Coronavirus: the second-weirdest solution?

Shtetl-Optimized 2020-03-06

Many people have suggested coating handles, doorknobs and so forth with virus-killing copper tape. It’s a shame that this isn’t being tried on a wider scale. In the meantime, though, here’s a related but different idea that I had last night.

Imagine we could coat every doorknob, every light switch, every railing, every other surface that people might touch in public buildings, with some long-lasting disgusting, sticky, slimy substance. For a variety of reasons, one probably wouldn’t use actual excrement, although it wouldn’t hurt if the substance looked like that. Or it could be a sickly neon green or red, to make it impossible to conceal when you’d gotten the substance on your hands.

What would be the result? Of course, people would avoid touching these surfaces. If they had to, they’d do so with a napkin or glove whenever possible. If they had to touch them bare-handedly, they’d rush to wash their hands with soap as soon as possible afterwards. Certainly they wouldn’t touch their faces before having washed their hands.

In short, they’d show exactly the behaviors that experts agree are among the most helpful, if our goal is to slow the spread of the coronavirus. In effect, we’d be plugging an unfortunate gap in our evolutionary programming—namely, that the surfaces where viruses can thrive aren’t intuitively disgusting to us, as (say) vomit or putrid meat are—by making those surfaces disgusting, as they ought to be in the middle of a pandemic.

Note that, even if it somehow turns out to be infeasible to coat all the touchable surfaces in public buildings with disgusting goo, you might still derive great personal benefit from imagining them so covered.

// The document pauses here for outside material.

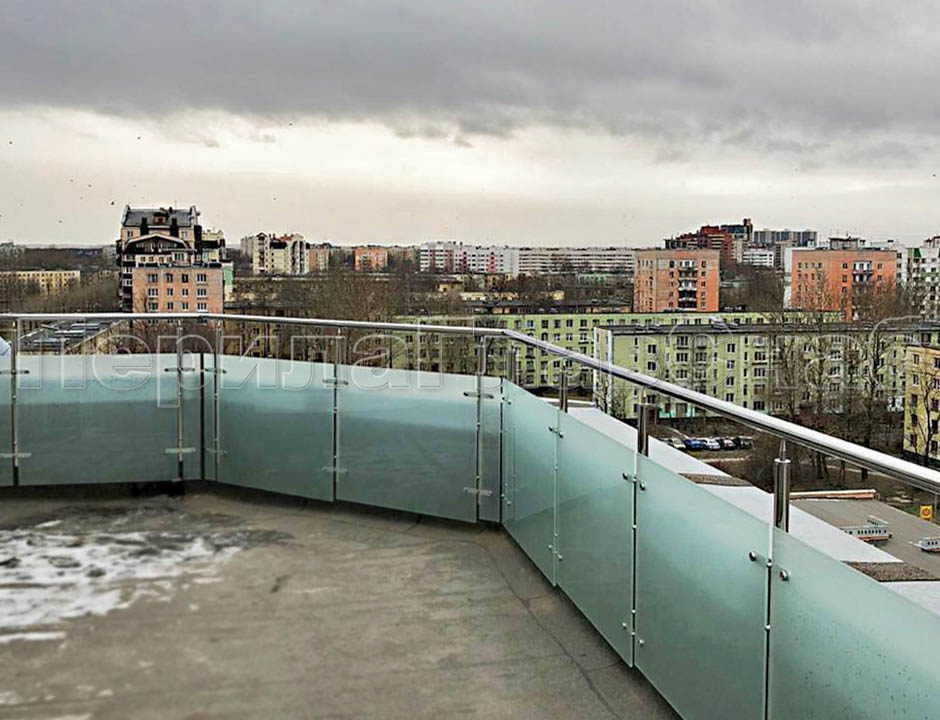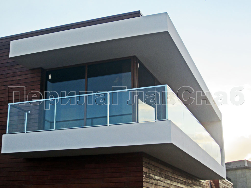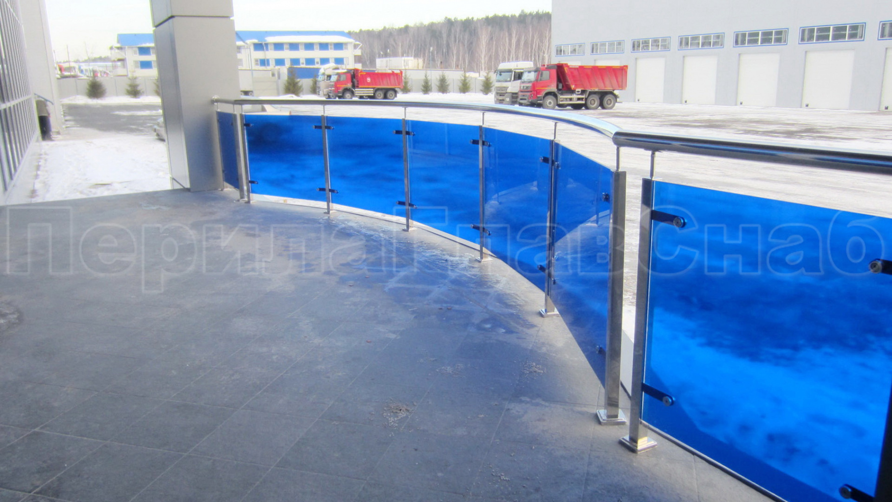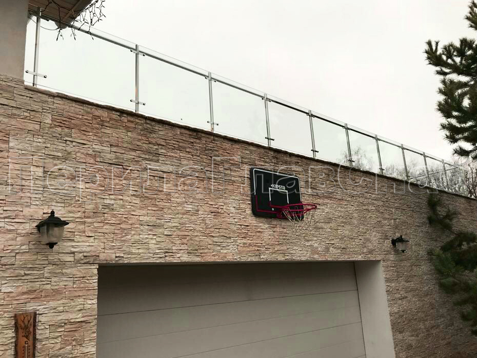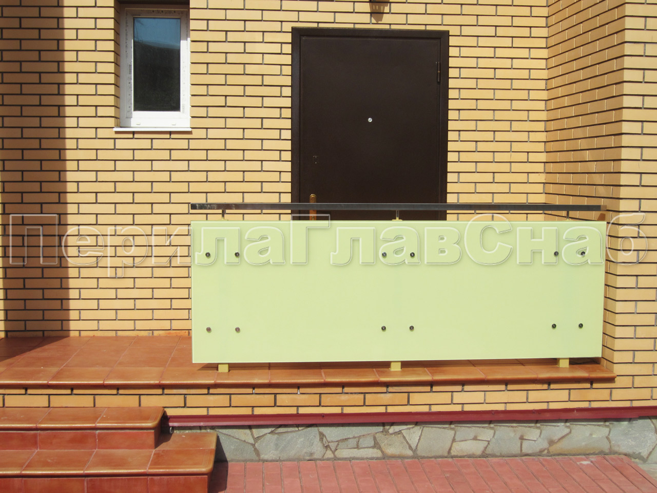 Цельностеклянное ограждение на зажимном алюминиевом профиле для крыльца в Челябинске. Готовые проекты ПерилаГлавСнаб

If you manage to pull that off, it will yield just the right heuristic for when and how often you should now be washing your hands (and avoiding touching your face), without no need for additional conscious reflection.

Mostly, having the above thoughts made me grateful for my friend Robin Hanson. For as long Robin is around, tweeting and blogging from his unique corner of mindspace, no one will ever be able to say that my ideas for how to control the coronavirus were the world’s weirdest or most politically tone-deaf.